Tatlı, şekersiz basit bir hamurdan yapılır, genellikle kabartma tozu ile mayalanır, uzun bir şekil verilir ve genellikle çeşitli şekillerde desenler eklenir. İstenilen şekle geldikten sonra hamur kızartılır ve birkaç dakika şerbet içinde bekletilir.
Tarife Atla
Kökenleri
Yukarıda bahsedildiği gibi, kızarmış hamur yüzyıllardır mevcuttur, ki bunun bir örneği, milattan önce 160 civarında Marcus Porcius Cato tarafından tarif edildiği gibi Roma döneminde hazırlanan bal kaplı kızarmış hamurun yuvarlak bir hali olabilir. Onun tarifinde hamura peynir ekleniyor olsa da, sonradan bal ile kaplanmıştır. Birkaç yüzyıl sonra, milattan sonra 400 civarında, hamur hala kızartılıyordu ama şekli şeritlere dönüşmüştü ve hem tatlı hem tuzlu olarak da tüketilmekteydi. Ancak pek çok mutfak geleneğinde olduğu gibi, Roma İmparatorluğu yıkıldığında, Avrupa’da hamur kızartma yöntemleri unutuldu. (1)
Bu, insanlığın tarih boyunca yemek hazırlama konusunda benzer zevklere ve düşünce biçimlerine sahip olduğunu gösteren örneklerden sadece bir tanesidir. Şimdi bizim meşhur tatlılarımıza yaklaşırken, bunun kökenlerini Romalılarla da aynı tarihi paylaşan Aşkenaz Yahudilerine kadar götürebiliriz. Yemeğin onlardaki versiyonu, şeklinden dolayı “oznei Haman” (Haman’ın kulakları) adı verilen şerit olarak hazırlanan haliydi. (1) Bu “kulak” benzeri şeklin yazılı kayıtları, tatlıya “kulak” anlamına gelen Arapça “udhun” adını veren, 13. yüzyıla ait anonim Endülüs yemek kitabına kadar götürülebilir. Bu yemeğin içi fındıkla doluydu. (1) (2)
Aynı zamanlarda, hamurların doldurulmadan kızartıldığı bir yemek olan “lugmat al-qadi”, Arap yemek kitaplarına girdi. Bu kitaplarda adı geçen yemeğin Osmanlılar tarafından miras alındığı ve popülaritesinin – pek çok tatlı şeyde olduğu gibi – çok geniş bir alana yayıldığı belirtildi. (3)
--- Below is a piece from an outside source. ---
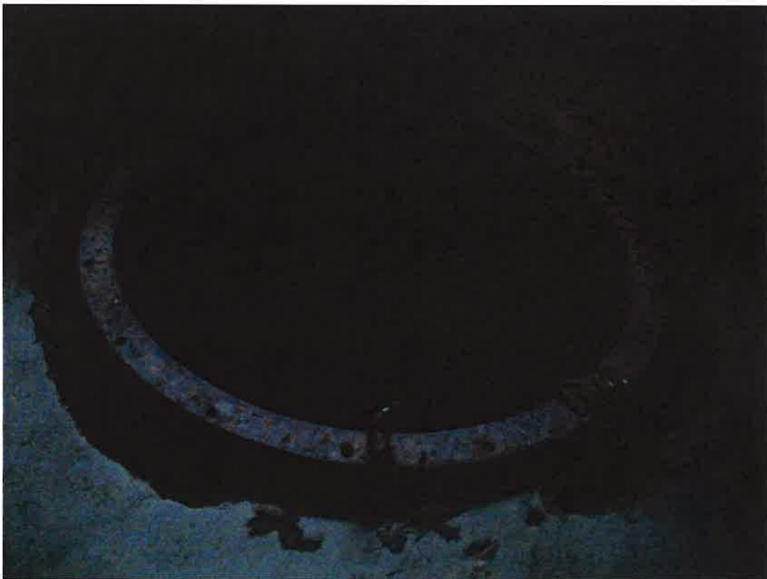
Forat 2 turbina eix vertical tipus Kaplan

Bu özel tatlının, Gürcistan’ın Ahıska bölgesinde, Türkiye sınırında yaşayan Ahıska Türkleri tarafından yapıldığı söylenmektedir. O dönemlerde, sınırlar şimdiki zamanlardaki gibi kesin şekilde belirlenmiş değildi. Bu insanların, özellikle ölümlerle ilgili pek çok ilginç gelenekleri vardı. Bunlardan biri, evlerine ölümü davet etmemek için geceleri tırnak kesmemekti. Ya da bir başkası definden dönerken yakın akrabaların arkalarına bakmamalarıydı. Bu toplantılarda bu kızarmış hamurları hazırlarlardı, ve her zaman tatlı olduğu belirtilmese de, ilk parçayı asla yemezlerdi, bir köpeğe verirlerdi. Her yıl, ölüleri için mevlit ve Kur’an okur, ve ziyaretçilere helva ve eğdek ikram ederlerdi. (4) Ahıska Türkleri, etkileşimlerin doğal bir sonucu olarak sınırdaki nüfusla yemeklerini değiş tokuş ettiler ve doğudaki Van şehrinin halkı da bunu benimsedi.
Etimoloji
“Eğdek” kelimesi, 11. yüzyıl Türkçe sözlüğü “Divan-ı Lügat-i Türk”e kadar uzanan, Türkçede bükme anlamına gelen “eğmek”ten gelmektedir.
Eğdek Tatlısı: Güzel şekilli, kızarmış hamur
Malzemeler
Hamur için
- 500 gr un
- 1 yumurta
- 100 ml yoğurt
- 100 ml yağ
- 200 ml süt
- 10 gr kabartma tozu
- 4 yemek kaşığı tereyağı
Şurup için
- 1 kilo şeker
- 800 ml su
- yarım limon suyu
- kızartmalık yağ
Talimatlar
- Önce şekeri suda eritin ve 5 dakika kaynamaya bırakın.
- Ateşi açın ve limon suyunu ekleyin ve kenara ayırın.
- Hamuru için tüm malzemeleri bir kaba alıp yumuşak bir hamur elde edene kadar yoğurmanız gerekiyor.
- Hamurdan ceviz büyüklüğünde bir miktar alın ve bir rendeden hafifçe geçirin.
- Düz parçayı çıkarın ve uzun bir şekil elde etmek için rende üzerinde tekrar yuvarlayın. vis yapın.
- Hamur parçalarını altın sarısı bir renk alana kadar kızartın ve soğuyan şerbetin içinde 5 dakika bekletin.
- Bekleme süresinden sonra servis yapın.